The error is listed below. I then run:

 

start = LOAD 'inputData' USING PigStorage('|') AS (sip:chararray,
dip:chararray, sport:int, dport:int, protocol:int, packets:int,
bytes:int, flags:chararray, startTime:long, endTime:long);

target = FILTER start BY sip matches '51.37.8.63';

dump target;

 

This script produces a large list of sips matching the filter.  What am
I doing wrong that causes pig to not want to ORDER these properly? I
have been wrestling with this issue for a week now.

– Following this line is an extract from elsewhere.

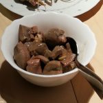 Das Original ist eigentlich, Trockenpflaumen in Serranoschinken. Die Pflaume war feucht (Wer unter 18 ist, bitte nicht weiter lesen), aber der Schinken wurde durch das Braten ziemlich trocken. Ich hab letztens mal einen Jamon iberico mit genug Fett gegessen, mit dem man das kochen könnte, aber das war eine Aktion, die schnell wieder vorbei war. Also waren Pancetta oder Bacon die Wahl, die ich zugunsten von Bacon entschied. Da es den schon fertig geschnitten gibt, ging das Rezept ganz einfach.
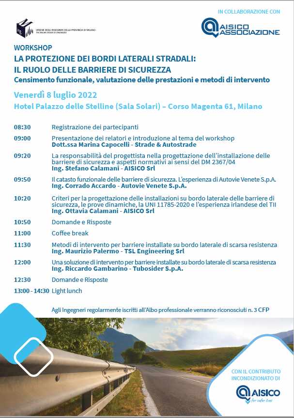 Il prossimo venerdì 8 luglio, a Milano, presso l’Hotel Palazzo delle Stelline (Sala Solari), Corso Magenta 61, si svolgerà un workshop organizzato dall’Ordine degli Ingegneri della Provincia di Milano insieme ad Aisico Associazione Italiana per la Sicurezza della Circolazione con il contributo incondizionato di AISICO Srl.

Any help would be
greatly appreciated.

 

Best,

Matthew

 

/ERROR

 

10/08/18 11:24:15 INFO pig.Main: Logging error messages to:
/home/matt/workspace/pig-0.7.0/cloudComputingPrototypes/pig_128215585580
9.log

2010-08-18 11:24:16,000 [main] INFO
org.apache.pig.backend.hadoop.executionengine.HExecutionEngine -
Connecting to hadoop file system at: file:///

2010-08-18 11:24:16,338 [main] INFO
org.apache.pig.impl.logicalLayer.optimizer.PruneColumns - No column
pruned for start

2010-08-18 11:24:16,338 [main] INFO
org.apache.pig.impl.logicalLayer.optimizer.PruneColumns - No map keys
pruned for start

2010-08-18 11:24:16,396 [main] INFO
org.apache.hadoop.metrics.jvm.JvmMetrics - Initializing JVM Metrics with
processName=JobTracker, sessionId=

2010-08-18 11:24:16,470 [main] INFO
org.apache.pig.backend.hadoop.executionengine.HExecutionEngine - (Name:
Store(file:/tmp/temp-2049115517/tmp197746350:org.apache.pig.builtin.BinS
torage) - 1-74 Operator Key: 1-74)

2010-08-18 11:24:16,567 [main] INFO
org.apache.pig.backend.hadoop.executionengine.mapReduceLayer.MultiQueryO
ptimizer - MR plan size before optimization: 3

2010-08-18 11:24:16,567 [main] INFO
org.apache.pig.backend.hadoop.executionengine.mapReduceLayer.MultiQueryO
ptimizer - MR plan size after optimization: 3

2010-08-18 11:24:16,577 [main] INFO
org.apache.hadoop.metrics.jvm.JvmMetrics - Cannot initialize JVM Metrics
with processName=JobTracker, sessionId= - already initialized

2010-08-18 11:24:16,581 [main] INFO
org.apache.hadoop.metrics.jvm.JvmMetrics - Cannot initialize JVM Metrics
with processName=JobTracker, sessionId= - already initialized

2010-08-18 11:24:16,581 [main] INFO
org.apache.pig.backend.hadoop.executionengine.mapReduceLayer.JobControlC
ompiler - mapred.job.reduce.markreset.buffer.percent is not set, set to
default 0.3

2010-08-18 11:24:17,828 [main] INFO
org.apache.pig.backend.hadoop.executionengine.mapReduceLayer.JobControlC
ompiler - Setting up single store job

2010-08-18 11:24:17,858 [main] INFO
org.apache.hadoop.metrics.jvm.JvmMetrics - Cannot initialize JVM Metrics
with processName=JobTracker, sessionId= - already initialized

2010-08-18 11:24:17,859 [main] INFO
org.apache.pig.backend.hadoop.executionengine.mapReduceLayer.MapReduceLa
uncher - 1 map-reduce job(s) waiting for submission.

2010-08-18 11:24:17,863 [Thread-4] WARN
org.apache.hadoop.mapred.JobClient - Use GenericOptionsParser for
parsing the arguments. Applications should implement Tool for the same.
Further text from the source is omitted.